Rat Kiley starts to lose his sanity on the troops night missions, insisting that the bugs were genetically fucked-up and that they would call out his name. He constantly scratches at his skin, even ripping apart scabs and scratching at the raw sores underneath. Rat starts to envision everyone dead as well, and starts seeing his own body parts.
Rat ends up shooting himself in the foot after doping himself up to get out of the war, and the guys don't call him a coward about the situation.

If I was Rat, I would've abandoned my pride if it meant saving what was left of my sanity. You can't control the insane things that go on inside your head, and you can't escape them. So it was best for Rat to leave the war.

The Ghost Soldiers

This chapter was confusing, but very interesting.
O'Brien actually becomes a character I like now, because he shows a part of his character that doesn't sit and reflect on everything in the past with such reverence, and has no other side to him. He becomes human, and expresses human emotions, like anger and embarrassment and a thirst for revenge.

O'Brien wants to get revenge on Jorgenson, because when O'Brien got shot, Jorgenson did an awful job of nursing O'Brien to health, and got him infected with gangrene. He felt as if that was something avoidable, so he is incredibly angry with Jorgenson, and wants to cause him as much shock as he felt. Only Azar wants to help O'Brien scare Jorgenson (because Azar is practically Satan), so they come up with a plan. They scare JOrgenson a good deal, but Azar wants to continue. However, when they continue, Jorgenson keeps his calm, so Azar kicks O'Brien in the head and walks away.

I really dislike Azar.

Field Trip

O'Brien takes his daughter to the spot where Kiowa's body was retrieved, and leave Kiowas moccasins in a commemorative spot. He feels at rest with Kiowa and as if he did his memory a good justice.

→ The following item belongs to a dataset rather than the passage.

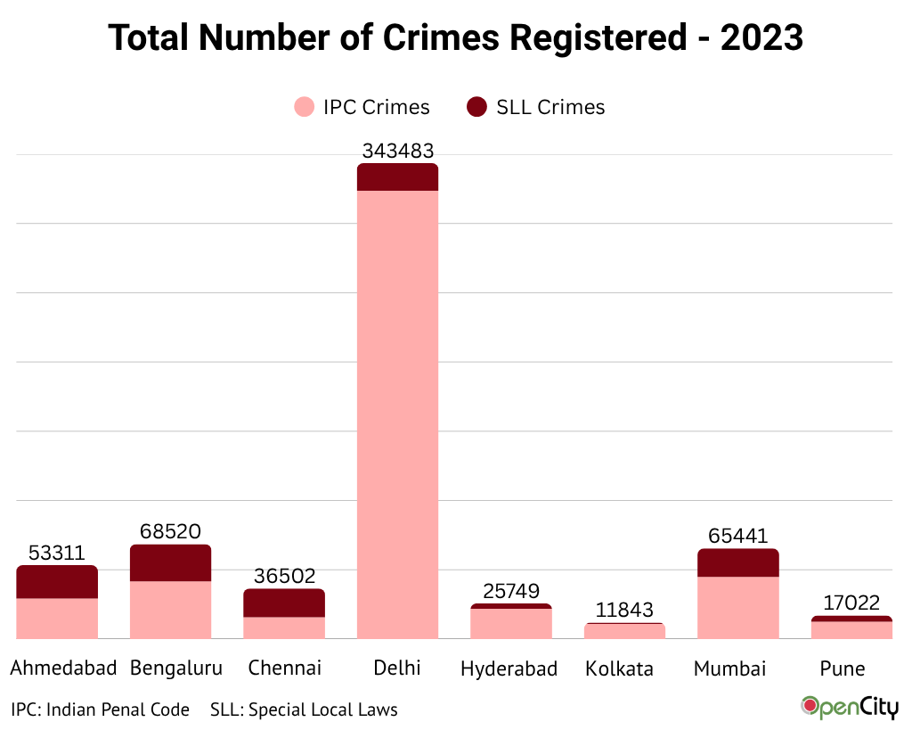 While IPC cases dominate in most Indian cities, the exceptions are Chennai – where more than half the cases are under SLLs, – Ahmedabad, Bengaluru and Mumbai where a large share of criminal cases were filed under SLLs.

I still don't know how to feel about O'Brien as a character. He's a man with good morals, but I don't find him a likeable character. He just seems like a veteran cliche.

Good Form

Tim O'Brien goes back to his story of killing the man with the star-shaped hole where his eye should have been, and how he isn't sure if he killed him, but being present made him guilty. So he think that he can be truthful in saying that he never killed anyone, but also be truthful in saying he did.
How many chapters are going to be dedicated to Tim O'Brien and the man he killed?

In The Field

Jimmy Cross is another character I have no real liking or hatred towards, but in a different way then Tim O'Brien. I feel as if Jimmy is so focused on life back home, he can't focus on the issues at hand, and then blames himself for the death of his men, but doesn't seem to learn anything.
Jimmy is leading the troops into the shit fields to find Kiowa's body, and Jimmy is thinking that he'll write a letter to Kiowa's father about how admirable a person his son was, and how he was a person that any parent would be proud of.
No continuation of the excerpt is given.